- Developer: Icon Design
- Publisher: Argus Press Software Ltd.
- Platforms: Amstrad CPC Commodore 64 ZX Spectrum
- Release: Commodore 64:EU: 1986; Amstrad CPC:EU: 1986; ZX Spectrum:EU: 1986;
- Genre: Sports simulation
- Modes: Single-player, multiplayer

= Peter Shilton's Handball Maradona =

1986 video game

Peter Shilton's Handball Maradona (referred to in title as Peter Shilton's Football) is a multiplatform association football simulation video game that was released in 1986 for the Amstrad CPC, Commodore 64 and ZX Spectrum. The game's title refers to the "hand of God" goal scored by Diego Maradona against England at the 1986 FIFA World Cup.

==Gameplay==

In this typical match, Aston Villa are defeating Liverpool by a score of 2–0.

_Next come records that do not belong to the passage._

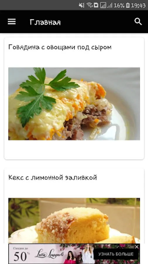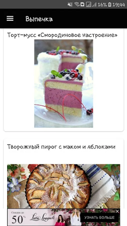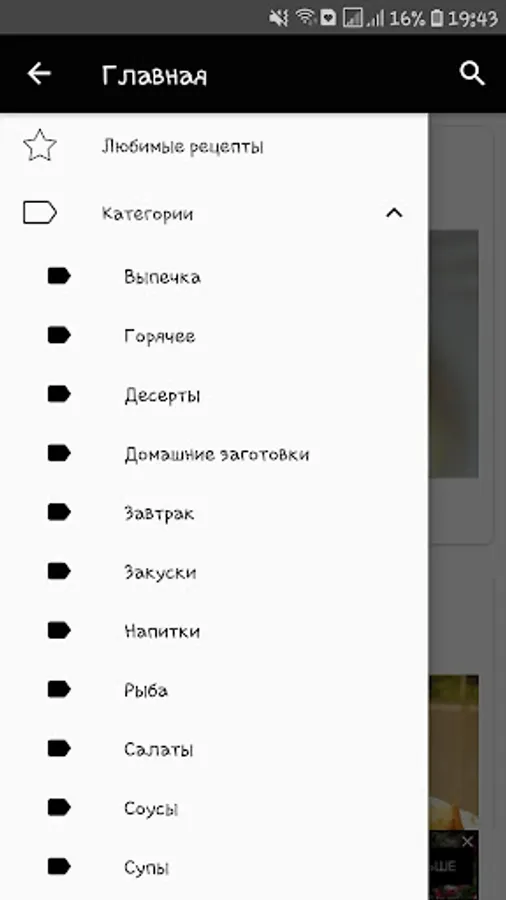 In the app Recipes with photos you can find the most interesting recipes for every day in different categories, such as pastries, desserts, drinks, hot dishes, appetizers, salads, breakfast, fish, salads, sauces, soups and even homemade preparations.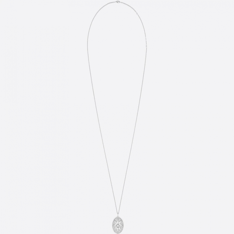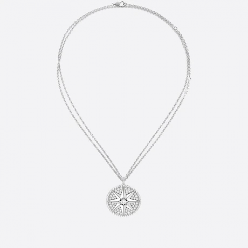 18K 白金鑽石(2.18 克拉*)長度為 85 厘米/33.5 吋,配有小環,鏈帶可調節至 80 厘米/31.5 吋或 75 厘米/29.5 吋主題圖案直徑:30 毫米/1 吋飾牌可配搭長鏈帶或短雙鏈帶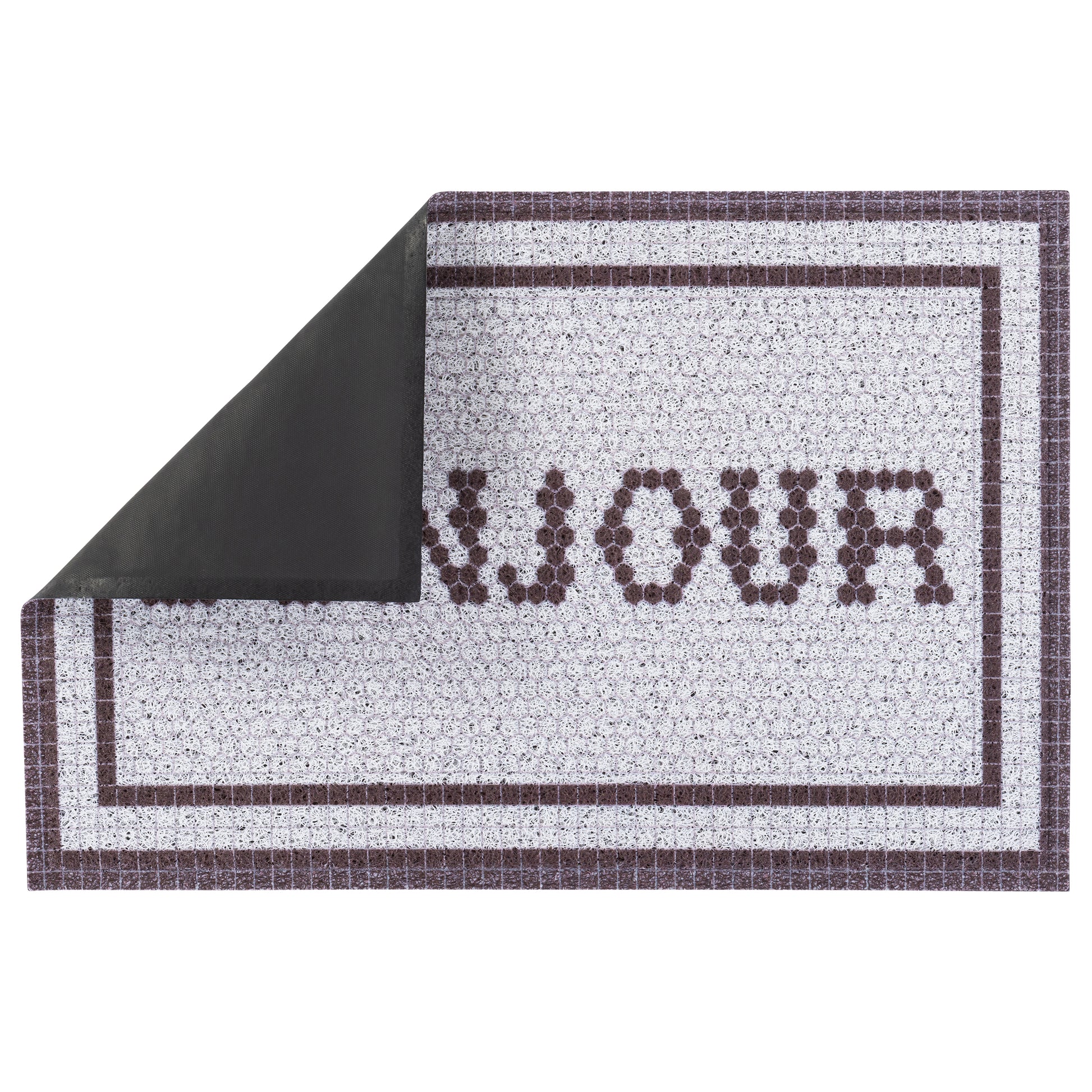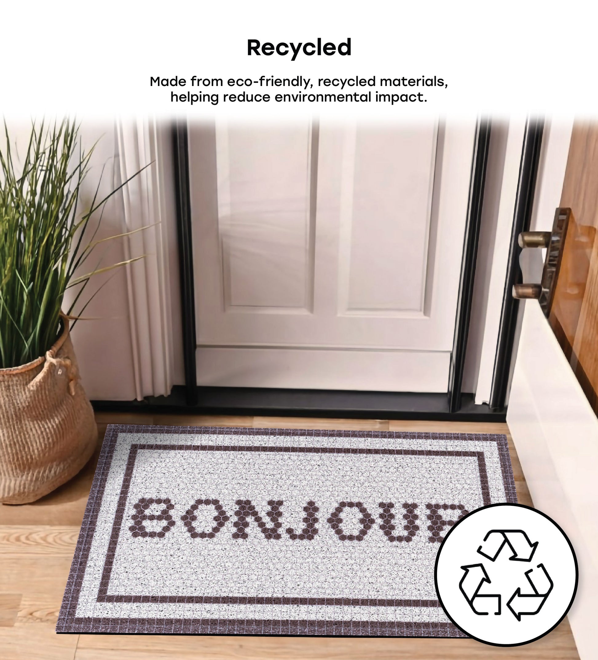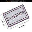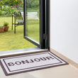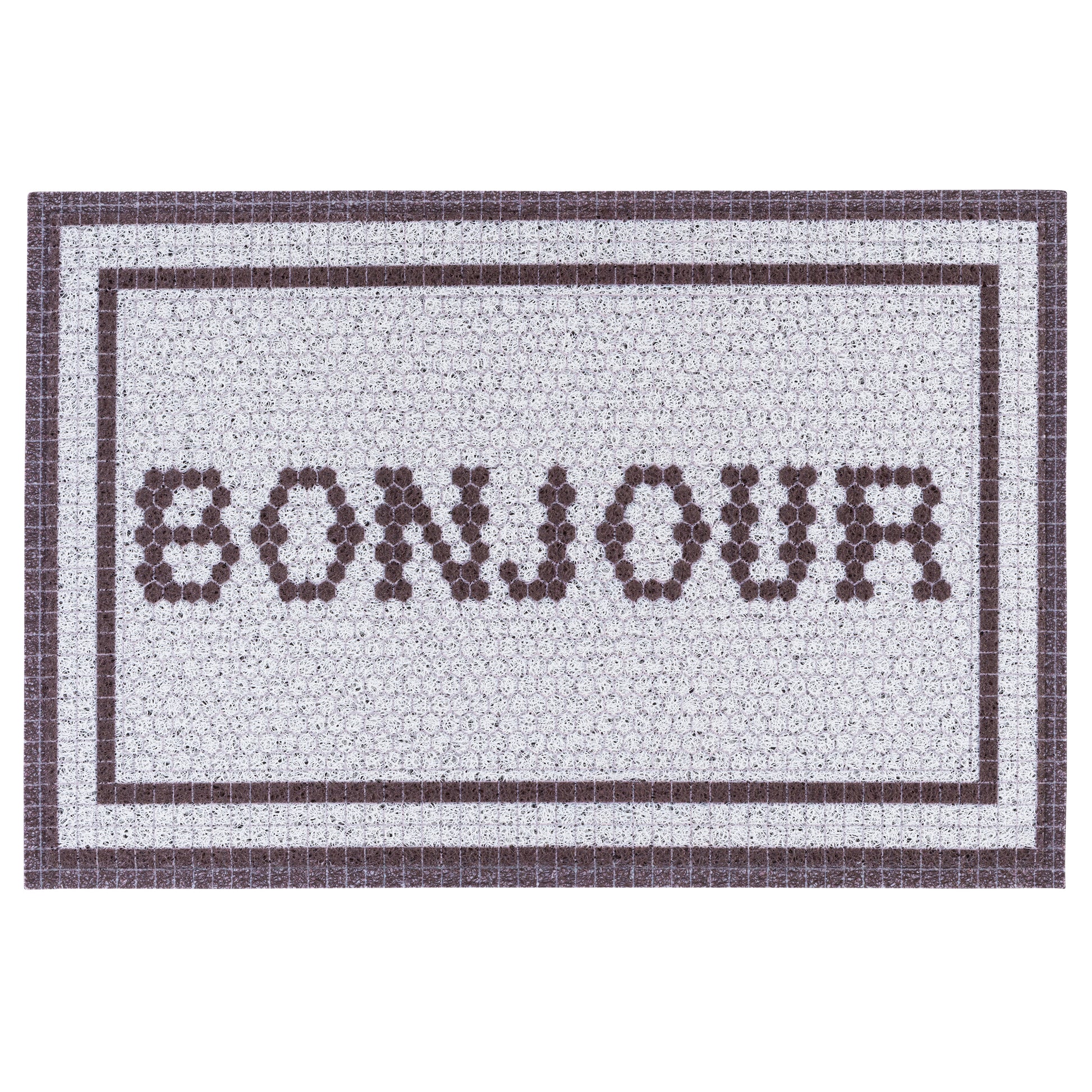 Our Matologie Easy Clean Indoor-Outdoor Doormat effortlessly combines style and function. Crafted from recycled materials, this Grey Bonjour Noodle Doormat features a subtle light grey background with a Bonjour Text design with deep brown double border, adding simplicity to any entryway.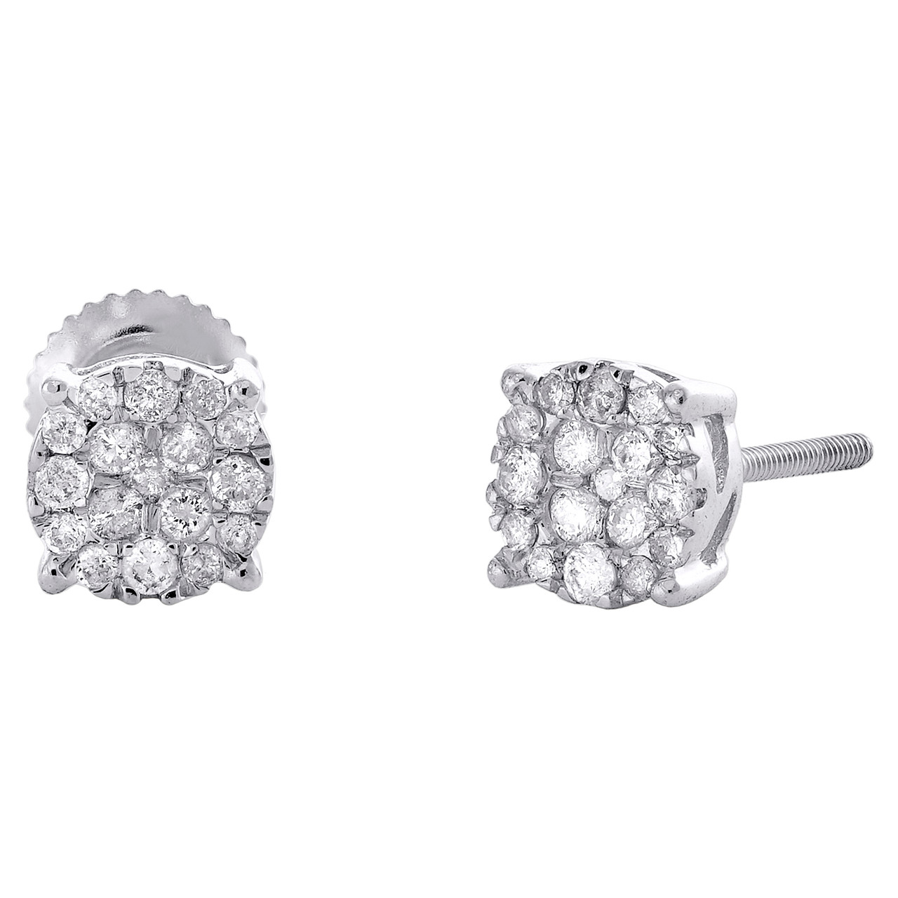 10K White Gold Real Diamond Unisex 6.35mm 4 Prong Circle Stud Earrings 0.36 CT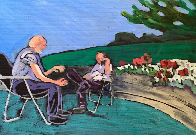 What could be nicer than two old friends chatting away a pleasant afternoon? I liked their relaxed body language, one sitting up and explaining while the other is leaning back, deep in his chair. It had the look of two people who were very comfortable with each other.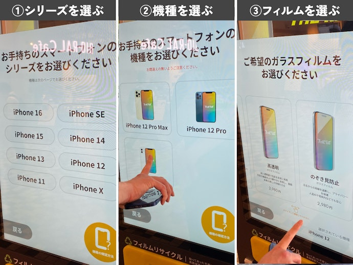 根据用户评测来看,这款自动贴膜机提供高清膜和磨砂防窥膜,售价2980日元。用户只需要在机器上选择自己的手机型号,扫码付款即可,时间大概在2-3分钟左右。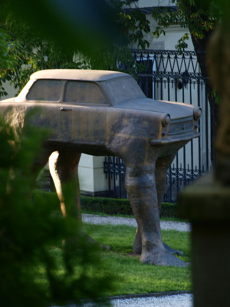 QUO VADIS – Si tratta della prima opera di Černý e risale al 1991. Fabbricato in plastica, che ritrae la celebre auto Trabant (automobile prodotta nell´ex Germania dell´Est, simbolo associato alla caduta del muro di Berlino del 1989) a cui sono state aggiunte 4 gambe.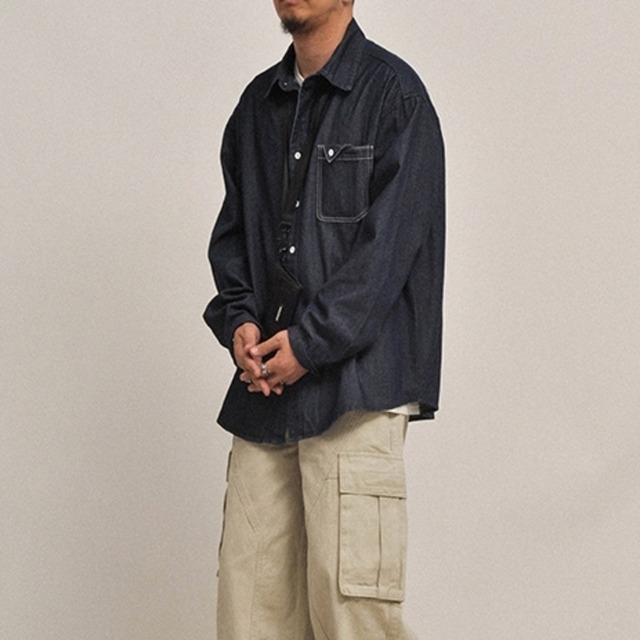 【商品管理番号】 M0429 【商品説明】 ステッチが映えるパッチデザインが魅力のデニムシャツ。こなれた雰囲気でカジュアルなスタイルにぴったりフィットします。シンプルながら個性的なデザインは、Tシャツはもちろん、ジャケットやニットとの相性も抜群。日常使いから特別なシーンまで幅広く活躍し、このシャツがあれば、自分だけのスタイルを楽しむことができます! DARKBLUE 【サイズ】 【M】肩幅:54cm / 胸囲:128cm / 着丈:70cm / 袖丈:58cm 【L】肩幅:55cm / 胸囲:132cm / 着丈:72cm / 袖丈:59cm 【XL】肩幅:56cm / 胸囲:136cm / 着丈:74cm / 袖丈:60cm 【2XL】肩幅:57cm / 胸囲:140cm / 着丈:76cm / 袖丈:61cm モデル身長:171㎝/体重:60㎏/着用サイズ:Mサイズ ※サイズは測り方により1-3㎝の誤差が生じる場合がございます。 【素材】 cotton87%/polyester13%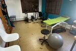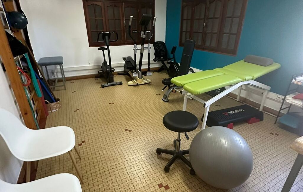 Au rdc, l'appartement est actuellement occupée par un service médical comprenant un accueil, des salles de soins, une cuisine, une salle d'eau et un wc indépendant. Enfin, une terrasse couverte de 20m2, sert actuellement de box pour garer les voitures.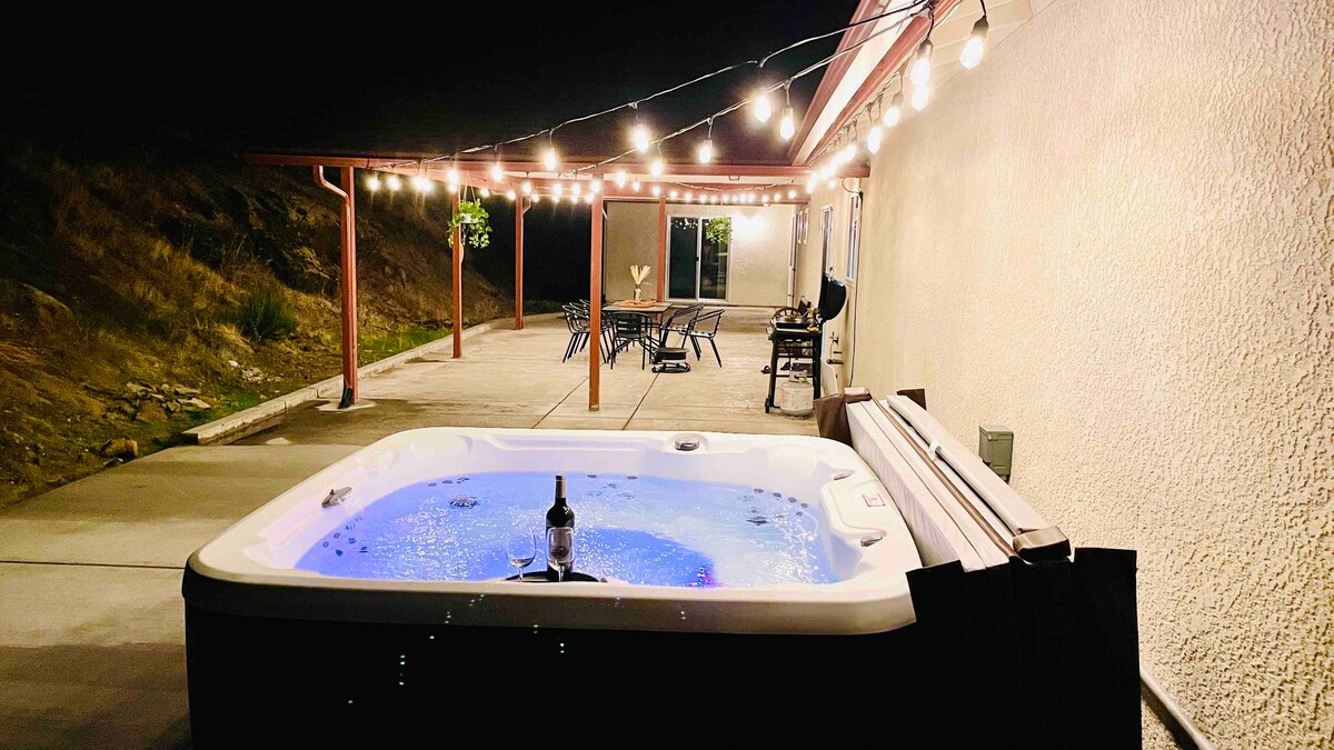 LOCATION!!! Yosemite National Park & Bass Lake close! Stylish Retreat with Gorgeous tree views, indoor jacuzzi bathtub, primary BR with onsuite Bath and slider access to outdoor color changing Hot tub in a Fenced grassy back yard with tree strung market lights, deck, hammock, water feature, firepit and stars! Ample kitchen supplies, High quality bedding, board games, DVD/ movies, fast internet TV's, firewood for fireplace. Location 20 minutes to Yosemite South Gate!! Large driveway.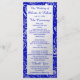 Dieses wunderschöne Hochzeitsprogramm zeigt Ihre Details auf reinem Silber gerahmt mit einem klassischen Blumenmotiv in Silber auf kontrastierendem königsblauen Hintergrund. Sie können mit dem Link "Individuell anpassen" vollständig personalisieren. Das Hotel ist Teil einer eleganten Hochzeitssuite, die eine Einladung, einen Umschlag, ein Menü und viele andere Dinge beinhaltet.

While the game is ostensibly a football simulation video game, it differs from other football games in that the player only ever controls the goalkeeper: instead of playing a full match, the player is presented with a number of preset scenarios (such as a standard attack, or a set piece like a corner kick or penalty kick) where the player is expected to save the shot on goal - to do this, the player can move freely within the six yard box, and jump or dive sideways. Once the shot is saved or the goal is conceded, the play stops and the game goes on to the next scenario.

The game features three game modes centered around the core mechanic:
- In Practice Session mode, the player is simply presented with a series of attacks they must save, with no score kept.
- In Play Game mode, the action happens within the confines of a football match, with two halves and a final score; while not seen, the player's team is able to score goals as well, but much like real life, as a goalkeeper, the player can only ensure their team doesn't concede any goals, and has no influence on whether their team scores any.
- In Skill Upgrade mode, the player has to save four consecutive shots to get to a higher skill level, after which the attacks get progressively more difficult to save. If successful, the player receives a 4-digit code they can enter the next time they start the game to resume from that skill level.

The player must pick one of sixteen teams of the Football League First Division, although no player names or team colours are featured.

The Commodore 64 version has some extra sound effects and some limited digitized speech.

==Reception==
AllGame gave the game a score of 2.5/5 stars. Writing for Zzap!64, Julian Rignall judged the game as "vastly overpriced and not really worth buying", noting that while the core gameplay was fun, the repetitive nature didn't provide enough replay value.